Solving Leetcode Interviews in Seconds with AI: Number of Nodes in the Sub-Tree With the Same Label
Introduction
In this blog post, we will explore how to solve the LeetCode problem "1519" using AI. LeetCode is a popular platform for preparing for coding interviews, and with the help of AI tools like Chatmagic, we can generate solutions quickly and efficiently - helping you pass the interviews and get the job offer without having to study for months.
Problem Statement
You are given a tree (i.e. a connected, undirected graph that has no cycles) consisting of n nodes numbered from 0 to n - 1 and exactly n - 1 edges.

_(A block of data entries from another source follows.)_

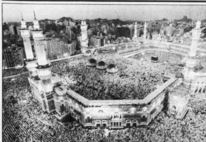
La grande mosquée au coucher du soleil.
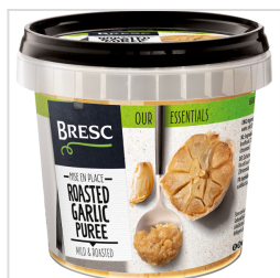
Bresc Geroosterde knoflookpuree 325g
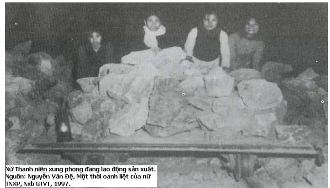
Nữ Thanh niên xung phong đang lao động sản xuất.

hay hợp tác xã nông nghiệp, số ít làm trong lĩnh vực hành chánh, những người khác làm công nhân (4,3%) hay làm thuê kiểu công nhật (6,7%) và số còn lại hoàn toàn mất khả năng lao động (12,5%) 129 . Đối với những cựu TNXP tuổi đời chỉ khoảng 20, việc quay về đời sống dân sự ở quê nhà là rất phức tạp. Sự hy sinh, khắc kỷ, dũng cảm trong những năm tháng chiến tranh tương ứng với thương tật, đốn đau và rối loạn tinh thần trong thời gian hòa bình.
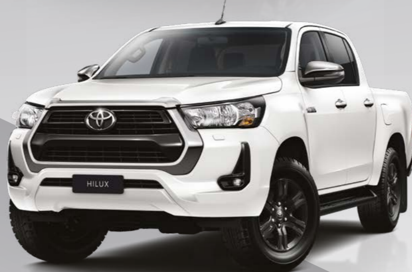
לבן פנינה מטאלי 070
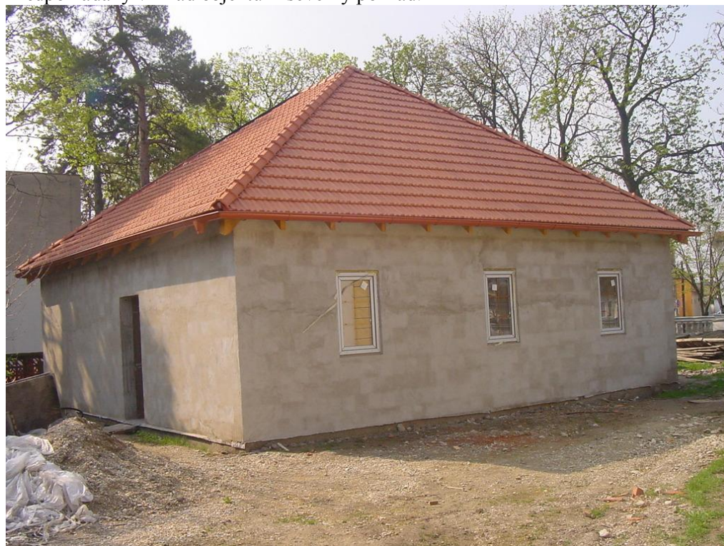
Ten istý pohľad, stav po prácach zrealizovaných v roku 2009.

Doprava bola zabezpečovaná výlučne osobným motorovým vozidlom VW Caddy, výnimočne Daewoo Nexia. Bol zakúpený 1 nový PC. Na nádvorí múzea je, ako v jedinom múzeu inštalovaný v spolupráci s občianskym združením Medikumpolis, verejný, internetový, informačný terminál „Surf point“, na ktorom sa môžu návštevníci pripojiť na stránky mesta Bratislava, častí Jarove, Rusovce, Čunovo, Ružinov, miest Hainburg, Malacky, Veľký Meder, ZUŠ na Exnárovej ul. v Bratislave a stránky občan, Úrad vlády, Prezident, Živnostenský a obchodný register, Profesia, Európska Únia, tel. zoznam pevných liniek, cestovné poriadky autobusovej a vlakovej dopravy, ďalej je možné odosielať a prijímať e.mail. Múzeum obstaralo, pre zvýšenie úrovne realizácie projektu „Rock v múzeu“ špeciálne osvetlenie pre

The root of the tree is the node 0, and each node of the tree has a label which is a lower-case character given in the string labels (i.e. The node with the number i has the label labels[i]). The edges array is given on the form edges[i] = [ai, bi], which means there is an edge between nodes ai and bi in the tree. Return an array of size n where ans[i] is the number of nodes in the subtree of the ith node which have the same label as node i. A subtree of a tree T is the tree consisting of a node in T and all of its descendant nodes. Example 1: Input: n = 7, edges = [[0,1],[0,2],[1,4],[1,5],[2,3],[2,6]], labels = "abaedcd" Output: [2,1,1,1,1,1,1] Explanation: Node 0 has label 'a' and its sub-tree has node 2 with label 'a' as well, thus the answer is 2. Notice that any node is part of its sub-tree. Node 1 has a label 'b'. The sub-tree of node 1 contains nodes 1,4 and 5, as nodes 4 and 5 have different labels than node 1, the answer is just 1 (the node itself). Example 2: Input: n = 4, edges = [[0,1],[1,2],[0,3]], labels = "bbbb" Output: [4,2,1,1] Explanation: The sub-tree of node 2 contains only node 2, so the answer is 1. The sub-tree of node 3 contains only node 3, so the answer is 1. The sub-tree of node 1 contains nodes 1 and 2, both have label 'b', thus the answer is 2. The sub-tree of node 0 contains nodes 0, 1, 2 and 3, all with label 'b', thus the answer is 4. Example 3: Input: n = 5, edges = [[0,1],[0,2],[1,3],[0,4]], labels = "aabab" Output: [3,2,1,1,1] Constraints: 1 <= n <= 105 edges.length == n - 1 edges[i].length == 2 0 <= ai, bi < n ai != bi labels.length == n labels is consisting of only of lowercase English letters.
Explanation
- Build Adjacency List: Represent the tree using an adjacency list for efficient traversal of neighbors.
- Depth-First Search (DFS): Traverse the tree using DFS. During the traversal, for each node, count the number of nodes in its subtree that have the same label as the node itself.
- Post-order Traversal: Perform the count in a post-order manner, ensuring that the subtrees are processed before the parent node.
- Runtime Complexity: O(N), where N is the number of nodes in the tree.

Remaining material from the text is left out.